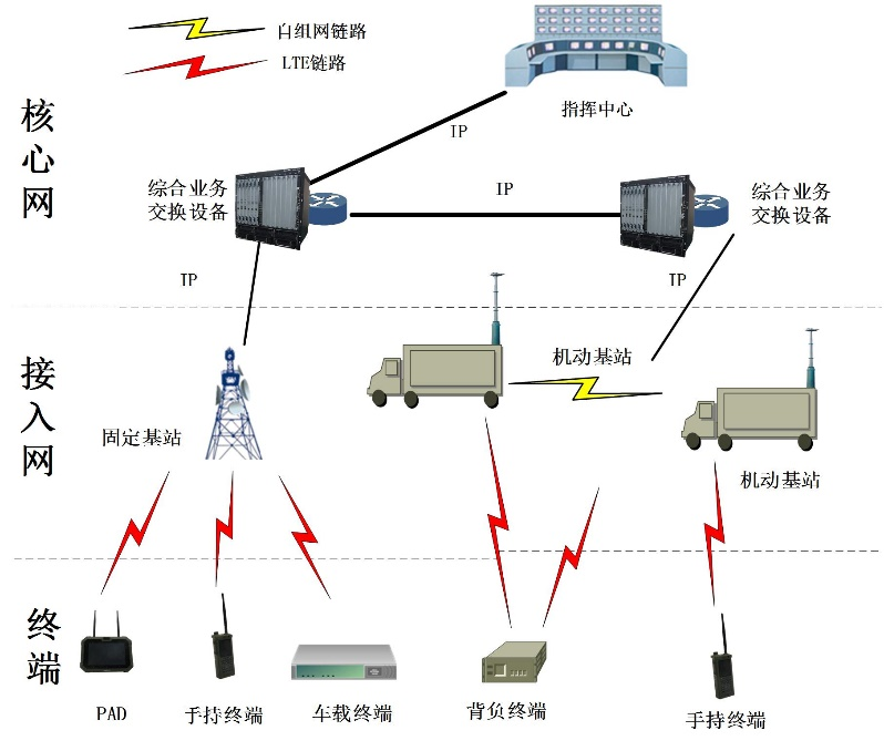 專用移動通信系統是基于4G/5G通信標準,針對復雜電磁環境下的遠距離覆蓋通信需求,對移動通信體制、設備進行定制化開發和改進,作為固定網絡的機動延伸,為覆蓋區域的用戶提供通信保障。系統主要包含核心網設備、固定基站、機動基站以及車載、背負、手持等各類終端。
...
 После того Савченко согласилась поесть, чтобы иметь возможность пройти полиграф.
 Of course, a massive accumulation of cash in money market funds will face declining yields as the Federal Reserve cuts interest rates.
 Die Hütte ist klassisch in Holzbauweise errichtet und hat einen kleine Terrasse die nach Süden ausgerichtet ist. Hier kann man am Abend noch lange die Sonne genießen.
---
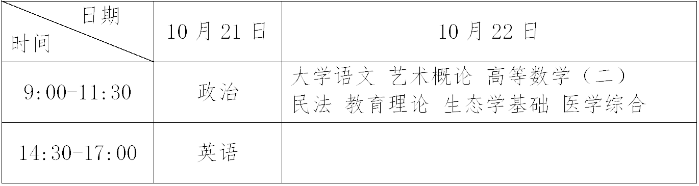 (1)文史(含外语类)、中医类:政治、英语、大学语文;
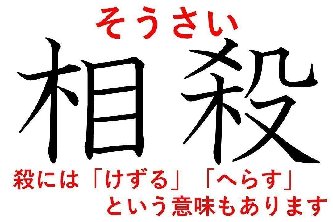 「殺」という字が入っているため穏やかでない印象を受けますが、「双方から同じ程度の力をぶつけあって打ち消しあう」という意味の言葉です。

▸ **How to complete this task**
Transcribe the records above from the line holding "После того Савченко" down to the line holding "Die Hütte ist", inclusive, without adding anything.

▸ **Task answer**
 После того Савченко согласилась поесть, чтобы иметь возможность пройти полиграф.
 Of course, a massive accumulation of cash in money market funds will face declining yields as the Federal Reserve cuts interest rates.
 Die Hütte ist klassisch in Holzbauweise errichtet und hat einen kleine Terrasse die nach Süden ausgerichtet ist. Hier kann man am Abend noch lange die Sonne genießen.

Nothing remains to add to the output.